3. If the connection failures are random, the traces may need to run for an extended period. In these cases, you may want to setup the network capture utility to save network traces at certain intervals in case the traces cannot be stopped immediately when an outage occurs. This helps to make sure that the relevant data is captured.
4. When a connection failure occurs, you want to stop and save the network trace as soon as possible.Trace Analysis
The Microsoft Host Integration Server support team uses the resulting trace data to isolate the root cause of the connection failures. In most cases, the problem is caused by one of the following:
- Configuration problem
o Incorrect network addresses
o Incorrect Service Access Points (SAPs)
o Incorrect firewall settings (IP-DLC)
- Network Problems
o Transient network issues
o Router/Switch/Packet Shaper issues
- IBM Host System outages
o Normal maintenance windows
o Unexpected outages on mainframe or iSeries systems
Generally, the network traces are the main troubleshooting tools for these types of problems because they are normally external to Host Integration Server. The HIS traces are useful to see the data flow leading up to the outage. The link service Level 2 message traces also include DLC return codes (for 802.2 DLC link services) that can also be helpful. The following Knowledge Base article describes how the DLC return codes are interpreted using these traces:INFO: Interpreting 802.2 DLC Outage Code from SNA Server Level 2 Trace
For 802.2 DLC connection failures, the outage code in the Event 23 tells you why the connection dropped. If you refer to the specific outage descriptions above, you will see get an idea as to what to look for in the traces.
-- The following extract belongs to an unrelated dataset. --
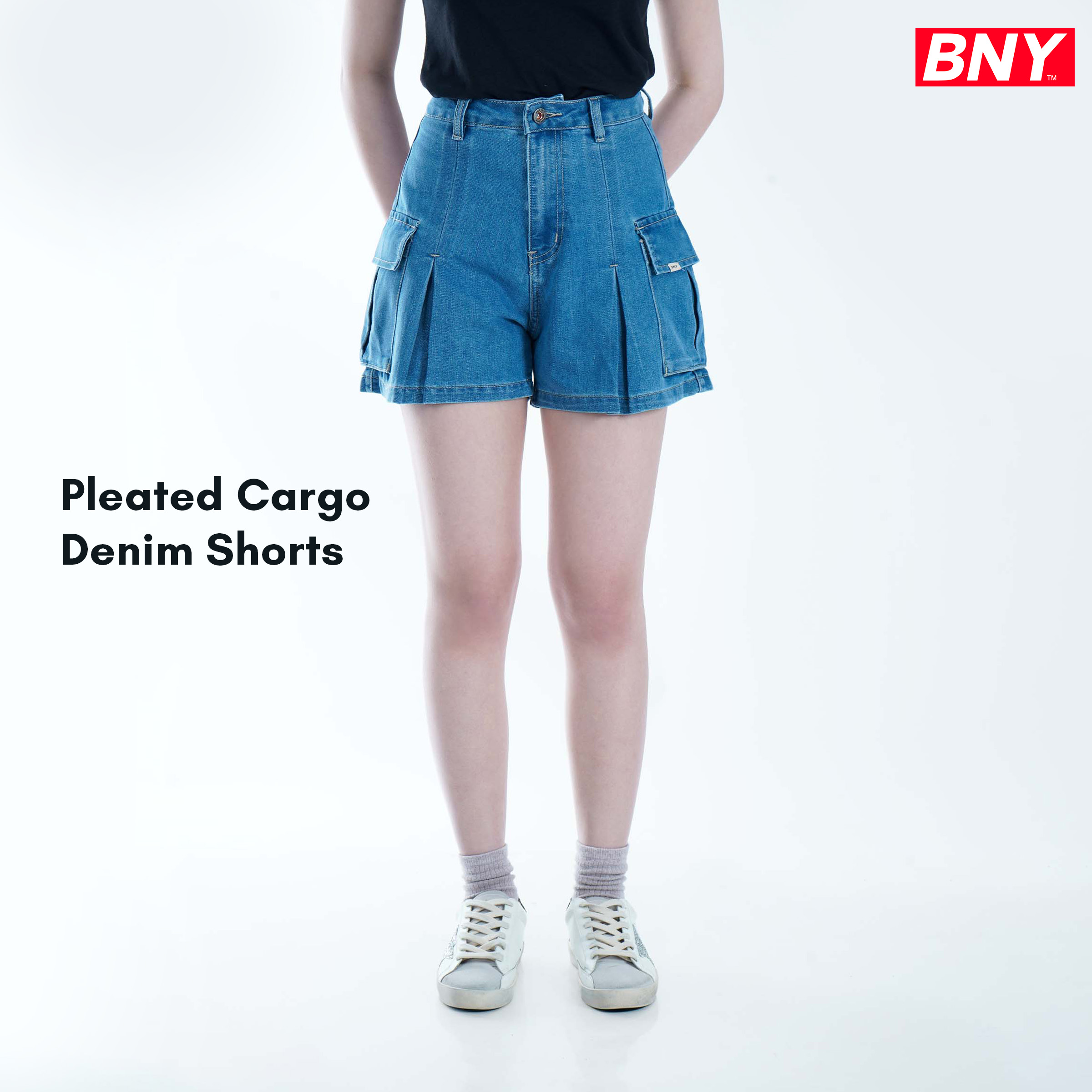 PLEATED CARGO SHORTS DENIM (473)

The traces help verify or prove the underlying cause as noted by the outage code.
For example, an outage code of 0029 (Remote system not responding) usually indicates that the 802.2 DLC link service is not getting a response to the DLC TEST or XID commands that it is sending to the remote system to establish the DLC connection. In these cases, you should also see an Event 230 warning logged in the Application Event log that indicates if the problem occurs because of a TEST or XID command. The network traces in this case are used to verify that the TEST and/or XID command is sent on the wire by the 802.2 DLC link service. If concurrent network traces were captured, you can see if the TEST or XID commands reached the remote network segment. If so, then you should see a TEST or XID response being sent back. If you see the response in the remote network trace but not the other network trace, then the packets were dropped/lost while traversing the WAN. At this point, troubleshooting continues with your network support team.
For the outage codes that indicate a Frame Reject (FRMR) being sent or received, you would search through the network trace for the FRMR and then work backwards to see the sequence that led to the Frame Reject being sent. In these cases, typical causes are DLC frames being sent out of sequence, incorrect sequence numbers, incorrect DLC frame size. Additional details will be included in a corresponding Event 227 warning, which includes a frame reject code that specifies the reason the frame reject was sent.